Determine the truth of the following statements

[diredragon]

Homework Statement

$f(x) = \begin{cases} -\frac{1}{1+x^2}, & x \in (-\infty,1) \\ x, & x \in [1,5]\setminus {3} \\ 100, & x=3 \\ \log_{1/2} {(x-5)} , & x \in (5, +\infty) \end{cases}$
For a given function determine the truth of the folowing statements and give a brief explanation:
a) Function $F(x)=\arctan {1/x}$ is one integral solution of the funtion $f(x)$ on an interval of $(-1,1)$
b) Function f is integrable on $[-3,5]$
c) Function f is integrable on $[4,10]$
d) $\int_{-1}^{1} \tan x f(x) \, dx=0$

Homework Equations

3. The Attempt at a Solution [/B]
a) Function $F(x)=\arctan {1/x}$ is one integral solution of the funtion $f(x)$ on an interval of $(-1,1)$
False. The solution of this integral on a provided interval is $F(x)=-\arctan x + c$
b) Function f is integrable on $[-3,5]$
Yes.

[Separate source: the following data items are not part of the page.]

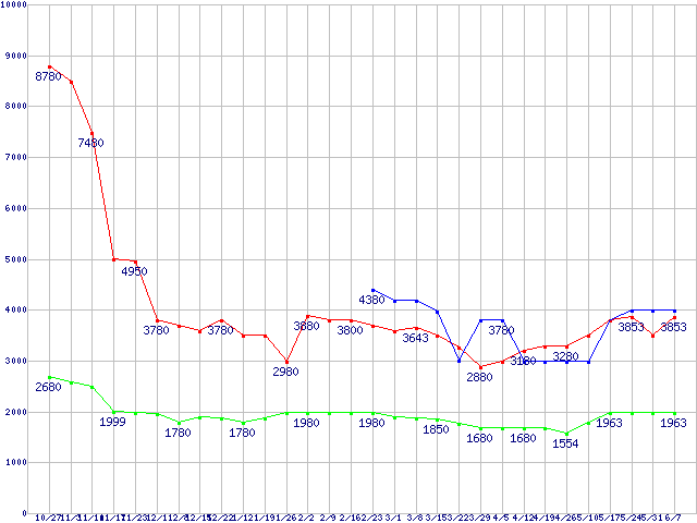 メモリ主要製品(最安値5千円~1万円未満)の最安値推移
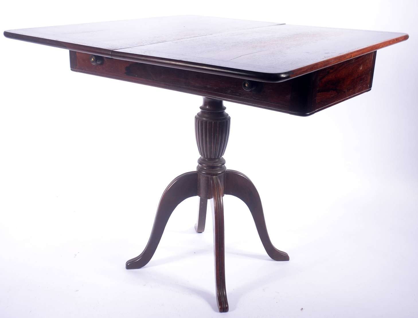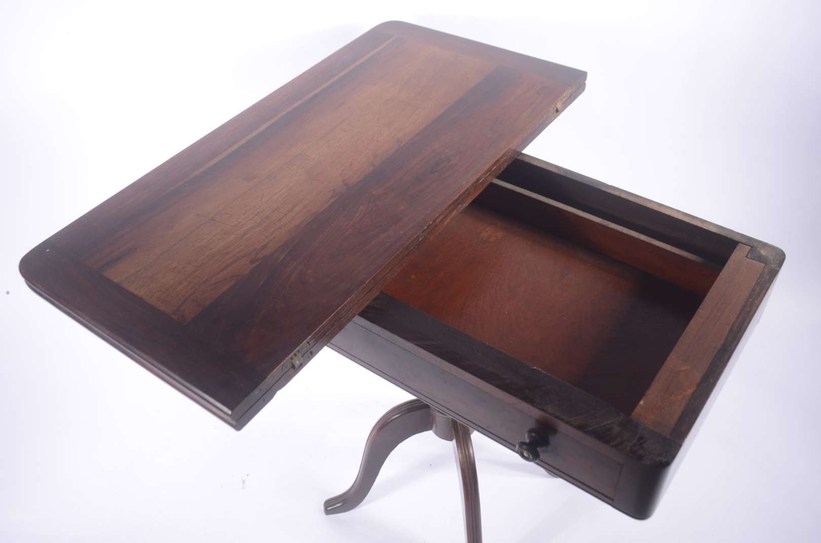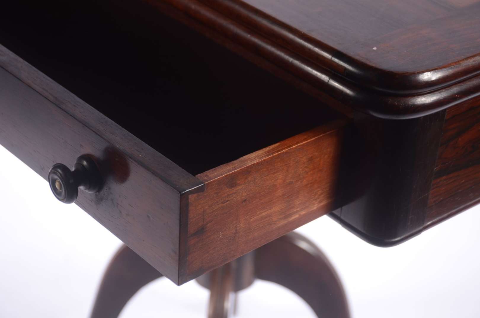 Mesa auxiliar de madeira ebanizada, platô inferior com gavetinha, pernas cilíndricas e ponteiras de bronze.
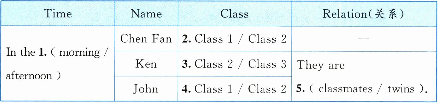 | | John | 4. Class 1 / Class 2 | 5.(classmates / twins). |
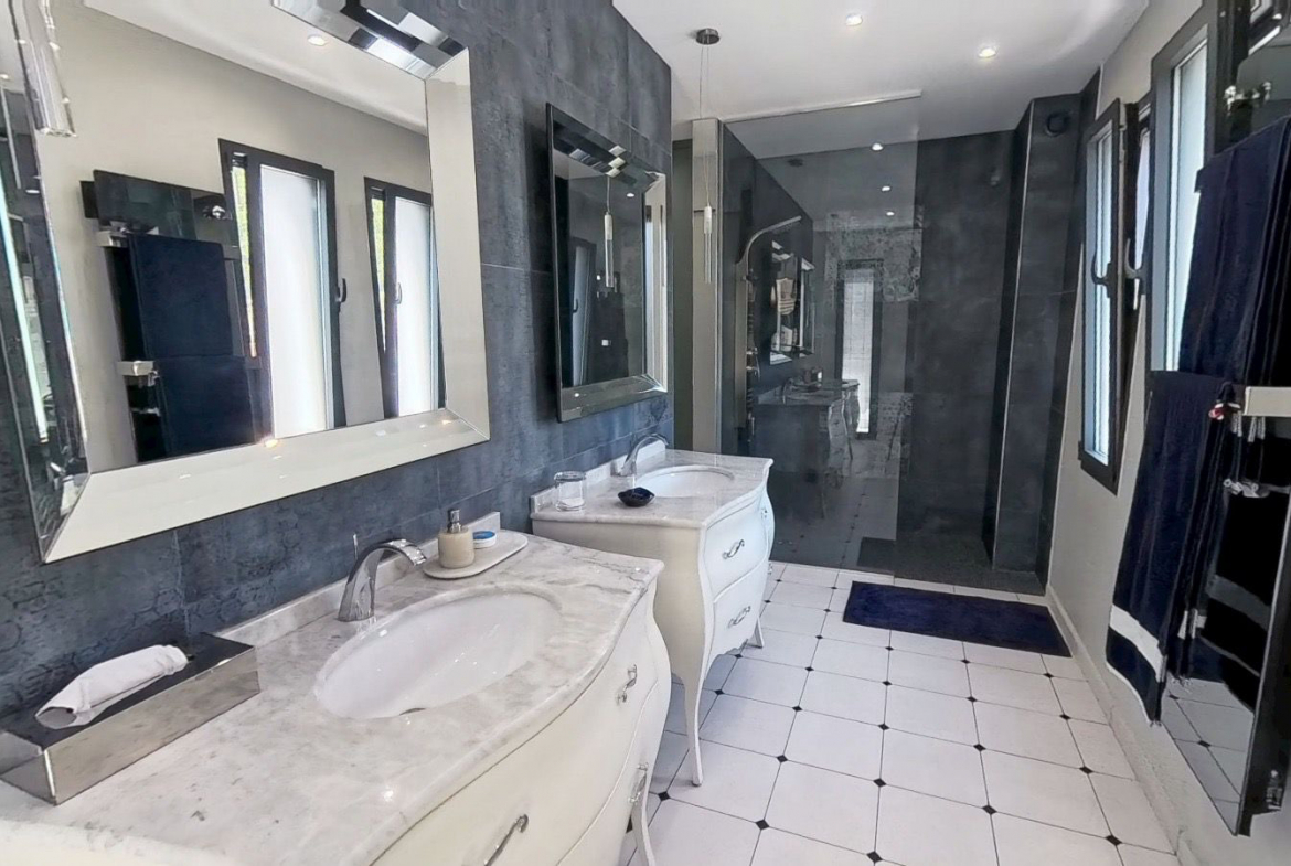 À l’extérieur, l’art de vivre méditerranéen s’impose : une piscine élégante de 9 x 4 m s’intègre parfaitement dans le jardin arboré, tandis que la pergola bioclimatique de 29 m2 et le carport de 16 m2 prolongent les espaces de détente. Le jardin paysager, orné d’oliviers, compose un cadre rare et authentique, où règnent calme et intimité. Un parking extérieur accueille jusqu’à 8 véhicules, en complément du garage fermé.

It has 3 points of break and is continuous on intervals in between so yes. Not sure about this one so i would be grateful for your reply
c) Function f is integrable on $[4,10]$
Yes. The same reasoning as above.
d) $\int_{-1}^{1} \tan x f(x) \, dx=0$
Yes, the function is odd.

 

[haruspex]

For a), it would be safer to consider the derivative of F. Integration can lead to multiple results that look different but are all valid solutions.

For c), consider what the function does as it tends to 5 from above.

I agree on d).

 

[diredragon]

For a), it would be safer to consider the derivative of F. Integration can lead to multiple results that look different but are all valid solutions.

For c), consider what the function does as it tends to 5 from above.

I agree on d).

Hmm.. It seems that the possible solutions to the first one involve three functions that look different but differ only by a constant. $-\arctan x+c$, $\cot^{-1} x+c$ and $-\arctan(1/x)+c$ so it is tru then.
Ooh, so for the part c) you wanted me to consider what happens to the function as x approaches 5 and i should have spotted that on the left as x approaches 5 and goes near it, my function goes from $-\infty$. So the problem part c) has that part b) doesn't have is that the function on its points of break can be integrated as it doesn't go to infinity on those points? Did i get this right?

 

[haruspex]

as x approaches 5 and goes near it, my function goes from −∞

Right. Of course, it might still be integrable, like ∫₀¹1/√x, so there is more work to do.

part b) doesn't have is that the function on its points of break can be integrated as it doesn't go to infinity on those points?

Yes, so the justification you gave for b) was incomplete.